Treasury Secretary Jack Lew told Univision on Monday that “the screening that took place in Cincinnati” was unacceptable, and stressed that “there is no evidence at all that suggests that there was any political involvement in any of these decisions.”

To work backwards: the treasury secretary is still attempting to pass off the false impression that the political targeting of the president’s critics was limited to the Cincinnati field office when we know–and which Paz’s testimony confirms–targeting was overseen by higher-ups in Washington D.C. and cases were reviewed from there as well.

But the explanation Paz offers is risible–not to mention flatly contradicted by the other testimony, the hearings, and the available evidence. Yet it is nonetheless revealing. Paz says that Tea Party was just code for political because IRS bureaucrats have their own terminology that the outside world doesn’t need to know or understand. But the end result was that conservative groups were targeted and treated unfairly. Thus even if Paz is being honest about how she interpreted the instructions, it does nothing to rebut the allegations of institutional bias at the IRS. If anything, it reinforces them.

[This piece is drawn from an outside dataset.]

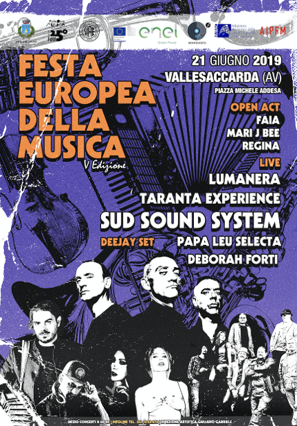 Anche Vallesaccarda quest’anno celebrerà la Festa della Musica, un vero e proprio fenomeno sociale e culturale che si svolge contemporaneamente in tutta Europa nel giorno del solstizio d’Estate. Attesissima infatti è la Kermesse vallesaccardese grazie anche alle grandi edizioni del passato prodotte dalla Montecristo ma soprattutto grazie alla Line Up 2019 che vedrà alternarsi sul palco di Piazza Addesa tanti artisti di calibro nazionale ed internazionale. Una commistione di suoni e culture che prevede anche lo straordinario concerto dei SUD SOUND SYSTEM, Band Salentina pioniera del raggamaffin italiano che combina ritmi giamaicani a dancehhal reggae. Ma ad avvicendarsi sullo stage anche FAIA, REGINA, MARI J BEE, LUMANERA, GIULIANO GABRIELE, TARANTA EXPERIENCE, PAPA LEU. La chiusura della festa invece a notte inoltrata è affidata invece al potentissimo sound della DJ romana DEBORAH FORTI tra le più influenti woman discjockey italiane del momento. Atteso a sorpresa anche un importante ospite musicale che gli organizzatori hanno annunciato senza svelarne il nome. Insomma una notte da annoverare sicuramente negli eventi di spicco dell’irpinia e dell’intera regione, e non solo vista anche l’entità dell’evento sono attese infatti persone e fans anche dalla vicina Puglia. Una manifestazione patrocinata dal Comune di Vallesaccarda, Siae, Ministero dei beni Culturali e dalla commissione europea oltre che promossa da diversi partners e sponsor italiani ed internazionali.

The tax-exempt division at the IRS is weeding out what they deem to be overly political groups from those that are genuinely educational and philanthropic. And what do you know–conservative groups were deemed to be overly political and their liberal counterparts were deemed genuinely educational or philanthropic! Paz’s claim that she wasn’t consciously making this distinction is almost believable. She wasn’t attempting to bully or silence conservatives. She was simply pursuing what is right and good, and if it just so happens that liberal groups are right and good and conservatives are not, well then who is to blame? Surely not the IRS’s guardians of the light. Perhaps conservatives ought to do some soul searching and figure out where they went wrong.

This is a corollary to something Jonah Goldberg has long written about–the liberal fantasy that they follow not an ideology but merely a finely tuned moral compass. As Goldberg wrote last month:

For liberals, ideology is only something the other guys have. Liberalism is just doing the good and smart thing. If you think the good and smart thing is ideological, that’s just proof you’re a rightwing ideologue (or a racist!). The fact that doing good nearly always requires more government is just a coincidence.

And so it is with Paz’s “defense,” such as it is, of the IRS. If you think that there was an element of partisanship to what the IRS was doing, then you’re simply turning education and charity into a political issue–and revealing your own partisan biases in the process. Any upstanding, nonpartisan individual would do what the IRS bureaucrats were doing.

Meanwhile, Americans are, to their credit, not buying it. CNN’s newest poll, released this morning, shows 47 percent of respondents believed the White House ordered the political targeting of conservative groups by the IRS, a 10-percent increase, and that a majority believes the scandal “is very important to the nation.” The belief that American left-liberalism is synonymous with unimpeachable moral authority seems to be a minority view.